I have a code that gets all of the csv files in a folder and appends all of the files on top of one another. So for example, I'd have 5 files and each of the files have the same columns names. After which, the code should get 1 column (F_NAN_KEY) out of the appended data and filter out the unique values in that column. Note: all of the sheets in the files have the same name as their file name.
Code:
RTDJuice2 = #path#
df = []
for file in os.listdir(RTDJuice2):
if file.endswith('.csv'):
print('Loading file {0}...'.format(file))
df.append(pd.read_excel(os.path.join(RTDJuice2,file), sheet_name=file))
for i in range(0, len(df)):
df_master = pd.concat(df[i], axis=0)
if i == 0:
finaldata2 = df_master
else:
finaldata2 = finaldata2.append(df_master)
finaldata2.to_csv('#output file#.csv', index=False)
uniqueNAN = finaldata2['F_NAN_KEY'].drop_duplicates()

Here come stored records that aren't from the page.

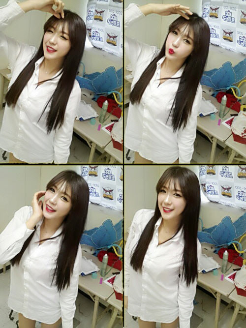 '얼짱' 치어리더 김연정이 흰색 와이셔츠만 입은 '하의 실종' 패션을 선보였다.
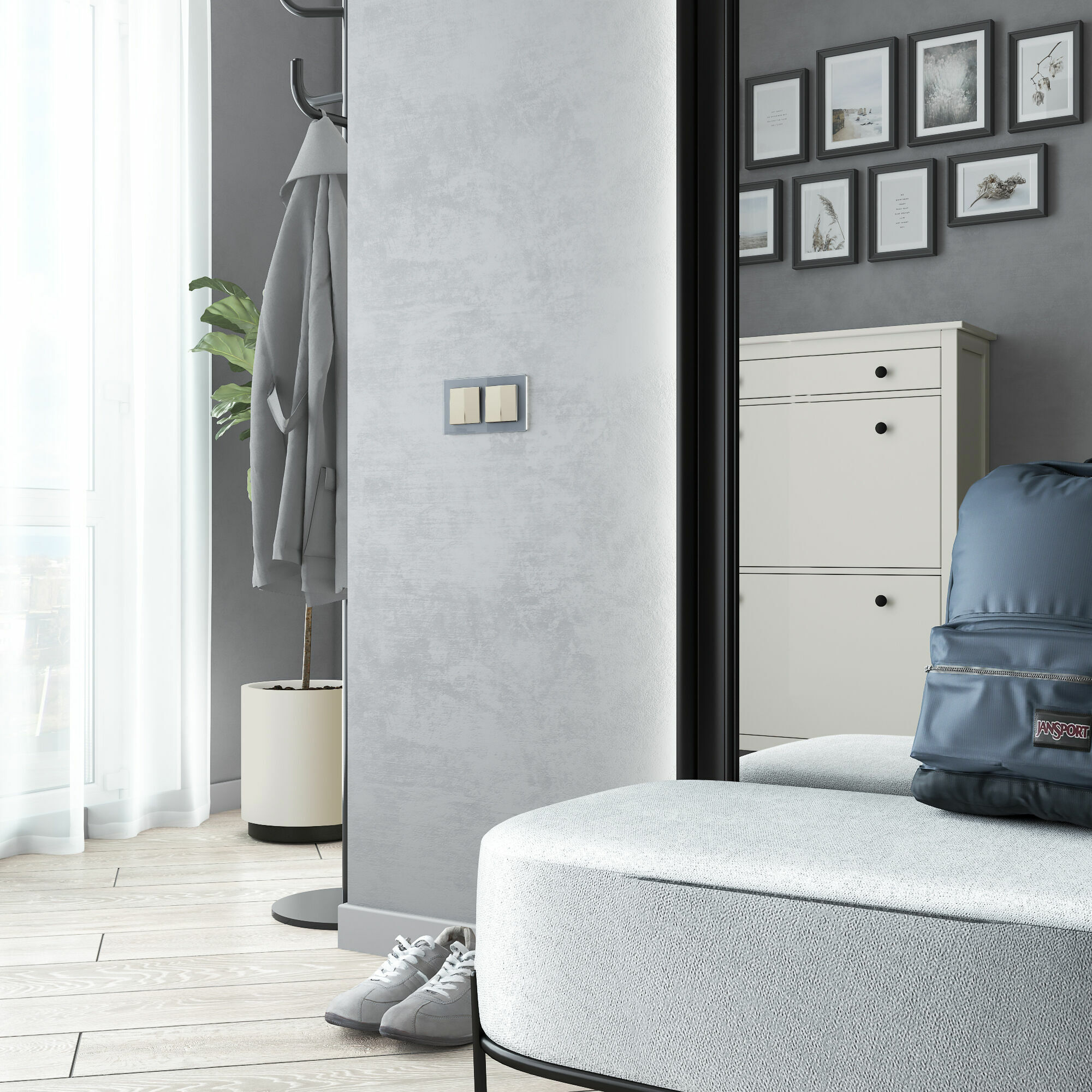 Механизм двухклавишного проходного выключателя оснащен матовой лицевой панелью. Матовая поверхность – это современный тренд, задающий стиль вашему интерьеру. Она не бликует, обладает бархатистой фактурой и тактильной мягкостью. Цвет айвори будет эффектно смотреться в любом интерьерном пространстве и гармонично сочетаться с любыми материалами.
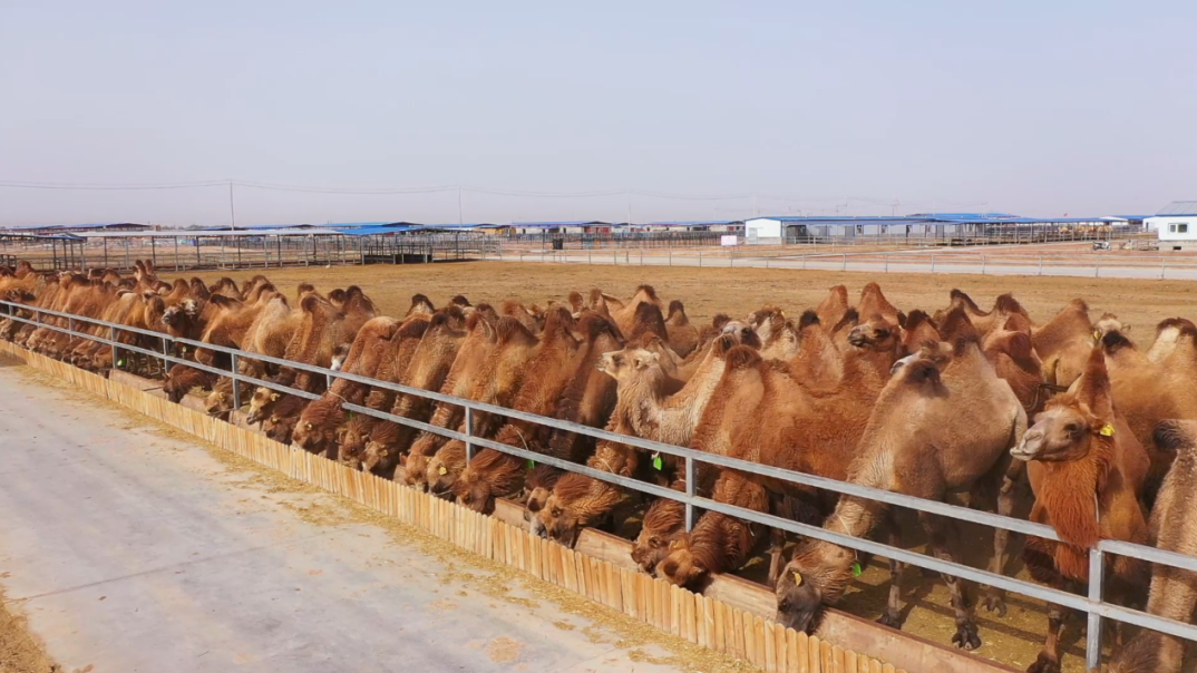 在柯坪县万峰驼饲养基地,规范化暖圈整齐划一,圈舍内的骆驼毛色鲜亮、膘肥体壮,尽显生机。基地内,干草、青贮等各类饲料分类堆积、储藏足够,这些物资将专项保证基地约1万峰骆驼的越冬需求。

uniqueNAN.to_excel('#outputfile2#.xlsx', index =False)
I am getting the error: "ValueError: Excel file format cannot be determined, you must specify an engine manually.". I've tried closing all of the excel files but still getting an error message. Note sure how to go about this. Any help or a different approach would be much appreciated, thank you.
Tried running the code listed above but getting the error message: "ValueError: Excel file format cannot be determined, you must specify an engine manually"